Appel has warned for more than a decade of the vulnerabilities of touch-screen voting machines and showed us how easy it is.

He hacked and reprogrammed a New Jersey voting machine in fewer than seven minutes.

Appel said that for the machines used in Georgia, he wouldn't need any lock-picking tools or even seven minutes.

"You don't need to open them up," he said, explaining that poll workers use a memory card to load the ballots.

Appel said a hacker could put malware on the cards or on the computer at county election offices where they're programmed.

"A college student could do it," Appel said.

One voting machine that Princeton students hacked now plays Pac-Man. Appel said a vote-stealing program could just as easily have been installed as the game was.

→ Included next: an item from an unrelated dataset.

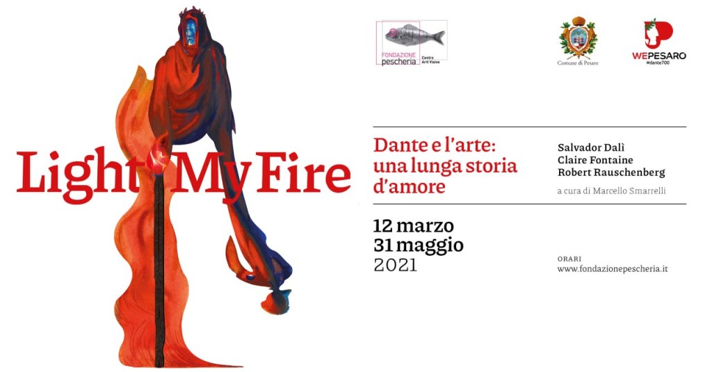 | Rimandata per il passaggio in zona rossa della città (avrebbe dovuto inaugurare il 12 marzo) e visibile finora solo dall’esterno, giovedì 29 aprile apre al pubblico ‘Light My Fire. Dante e l’arte: una lunga storia d’amore’, la mostra a cura di Marcello Smarrelli che rappresenta una delle iniziative cardine con cui Pesaro celebra i 700 anni dalla morte del Divino Poeta. La Pescheria diventa ‘luogo dantesco’ della città e accoglie due famose serie di incisioni realizzate da Salvador Dalì e Robert Rauschenberg per illustrare la Divina Commedia e una video installazione dell’artista Claire Fontaine. L’evento della Fondazione Pescheria-Centro Arti Visive è promosso in collaborazione con il Comune di Pesaro. Alla conferenza stampa, presente Daniele Vimini – vicesindaco e assessore alla Bellezza del Comune di Pesaro e, in collegamento, il curatore Marcello Smarrelli e Fulvia Carnevali per Claire Fontaine. Così Daniele Vimini: l’apertura di questa mostra in Pescheria ha un valore importante con una doppia valenza: segna simbolicamente – non a caso in anticipo di un giorno – la ripartenza della fruizione dei luoghi della cultura (dal 30 aprile riaprono i musei comunali e il Teatro Rossini con un concerto di jazz) e allo stesso tempo consente ad un’istituzione culturale davvero significativa per il territorio di portare il suo contributo alle celebrazioni nazionali per il 700esimo della morte di Dante. Anche se l’allestimento ha consentito la visione dei ‘contenuti’ del loggiato già dal 12 marzo, finora non è stato possibile realizzare i momenti performativi – maratone di lettura – che l’evento prevedeva; per questo abbiamo già in programma di svolgere in presenza i momenti di lettura a voce alta di cui si compone il progetto espositivo. Come accadranno in presenza nel prossimo periodo, magari anche in concomitanza con la Mostra Internazionale del Nuovo Cinema, eventi diversi di musica e poesia come l’Open Day del Conservatorio Rossini che avverrà proprio in questo spazio o performance di danza in collaborazione con Amat per far dialogare l’arte coreutica con Dante e la Divina Commedia. A proposito di Dante, padre della lingua italiana, ci auguriamo che questa esposizione possa magari essere visitata e offrire spunti alle scuole appena tornate in presenza, realtà particolarmente provate dall’emergenza che stiamo vivendo con quasi due anni scolastici di Dad.’ Il titolo della mostra prende spunto da una delle canzoni più famose dei Doors (1966) per sottolineare la capacità della poesia – quella dantesca più di ogni altra – di trascendere la realtà e condurci in una dimensione altra. Light My Fire rappresenta infatti uno dei primi e più eloquenti esempi di Psychedelic Rock, sviluppatosi in contemporanea negli Stati Uniti e Regno Unito fra gli anni sessanta e settanta: una tendenza musicale nata dalle esperienze di alterazione della coscienza derivanti dall’uso di sostanze psichedeliche. La Divina Commedia è un’opera a carattere teologico-morale-enciclopedico, non è fantasy, non è horror e tanto meno fantascienza; questo si dice di solito ma forse non è esattamente così, perché in Dante sono presenti elementi riconducibili un po’ a tutti i generiletterari con le loro varianti. Non è un caso che la Divina Commedia venga citata in ben cinque punti della produzione di Philip K. Dick. La grandissima diffusione e l’interesse che da secoli accompagnano la Divina Commedia sono dovuti, oltre che al valore letterario assoluto, anche alle illustrazioni nate fin da subito per quelle rime. Dai primi sconosciuti miniatori ai più grandi artisti del ‘900 fino ai contemporanei, moltissimi si sono cimentati con il testo dantesco, dando forma a suggestioni profonde con cui ricreare visivamente l’incredibile mondo ultraterreno ideato da Dante. Ecco allora che nello spazio della chiesa del Suffragio sono allestite scenograficamente le 100 tavole ad acquarello di Dalì che fondono simboli, magie e allegorie, richiamando i vari aspetti della sua ricerca stilistica, dall’estetica del molle ai miti classici al metodo pittorico paranoico-critico fino alla surrealtà, alla dimensione onirica alle prospettive irrazionali. Dalì ci lavora per nove anni e le tavole, esposte nel 1960 al Museo Galliera di Parigi, vengono poi tradotte in xilografie: lontanissime dalle interpretazioni conosciute del testo dantesco, hanno una fascinazione unica. Ad offrire un’esperienza completa di sensi, le incisioni sono accompagnate dal sound piece “Dalla selva oscura all’amor che muove il sole e l’altre stelle’: le più famose terzine della Commedia“, a cura dell’associazione culturale APS ‘Le Voci dei Libri’; lettori: Marilena Alessi, Corrado Capparelli, Cristian Della Chiara, Giuseppe Esposto, Lucia Ferrati, Elisabetta Liz Marsigli, Silvia Melini, Luca Sinelli; tracce musicali: Luca Marzi, Paolo Marzocchi; recording e produzione, Tobe Stubio.. Nel loggiato, invece, l’interpretazione ancora più personale e innovativa dell’Inferno di Robert Rauschenberg precursore della Pop Art: 34 incisioni eliografiche, ricche di riferimenti alla società del secondo novecento americano. Per queste tavole Rauschenberg usa la tecnica del Transfer Drawing, trasferendo sul foglio immagini fotografiche da giornali e riviste e intervenendo poi con matite, tempere e inchiostri; un lavoro complesso che lo impegna per due anni e viene presentato per la prima volta nel 1960 alla Galleria Leo Castelli di New York. Ancora nel loggiato, su un maxischermo, è visibile tutti i giorni dalle 19 alle 23, la documentazione video di una performance iconica dell’artista collettiva ready made Claire Fontaine, intitolata P.I.G.S. acronimo che unisce i paesi dell’Europa più indebitata: Portogallo, Italia, Grecia e Spagna. L’opera (2011) è composta da centinaia di fiammiferi piantati in fori praticati manualmente sul muro e poi bruciati; l’incendio metaforico di 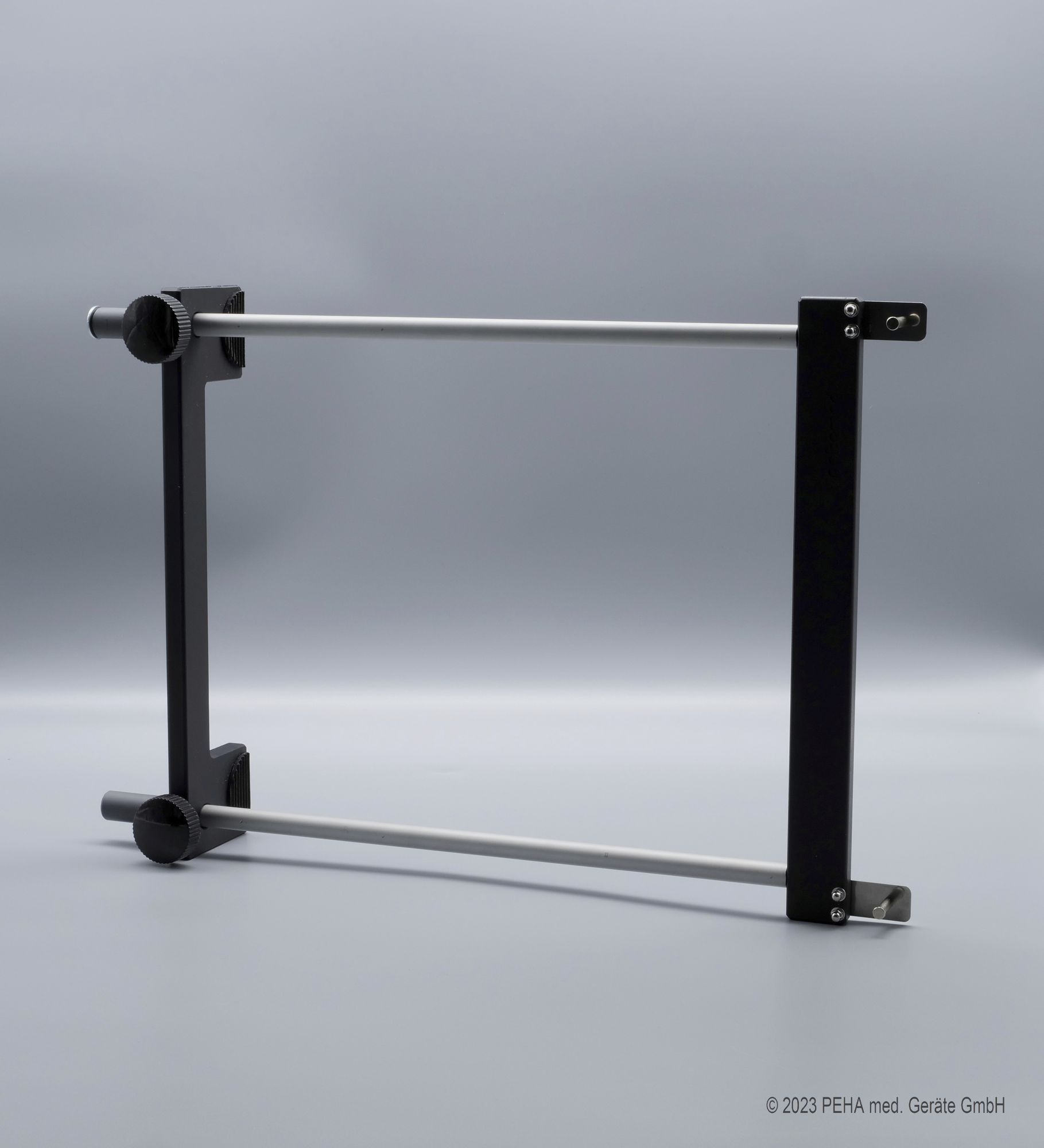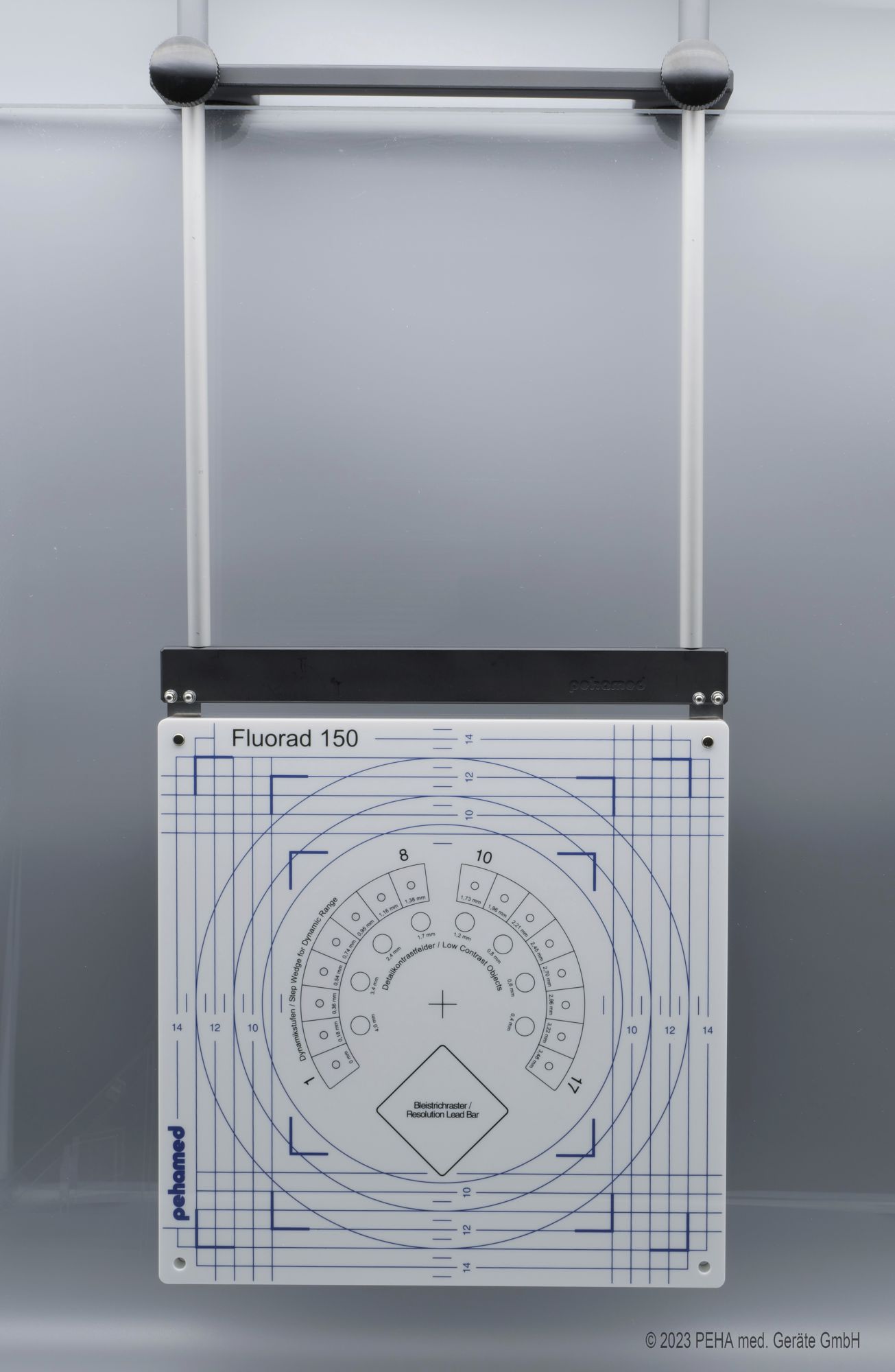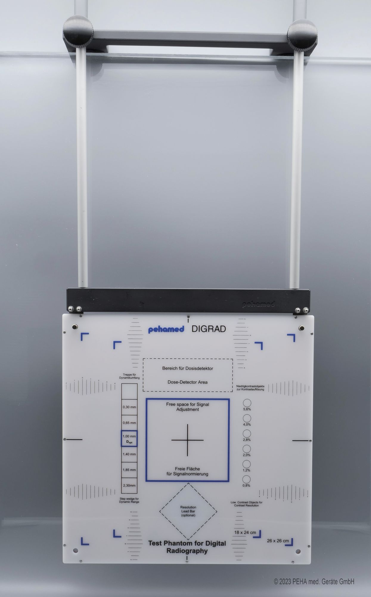 Phantom holder for the test phantoms Fluorad 150, Digrad A+K and Alpha for mounting on Bucky wall stands.

Georgia Secretary of State Brian Kemp is the chairman of the National Association of Secretaries of State elections committee. He said the vulnerabilities that Appel pointed out don't concern him.

Kemp said with more than 9,000 jurisdictions all across the country with different systems, hackers have a nearly impossible job.

"Logistically, you couldn't figure out how to hack that many systems," Kemp said.

Testifying in front of Congress, even Thomas Hicks, who was appointed by President Obama to be head of the Election Assistance Commission, said our elections are secure.

But Appel said malware could have been installed months or years ago and normal diagnostic tests wouldn't catch it.

"How do you know you're not locking the barn door after the horse is gone?" Appel said.

He and Hicks recommend that states move to more secure optional scan paper ballots.

The states of Massachusetts and New Hampshire have already made that move to what experts say is the most secure type of voting  pen and paper counted by a machine.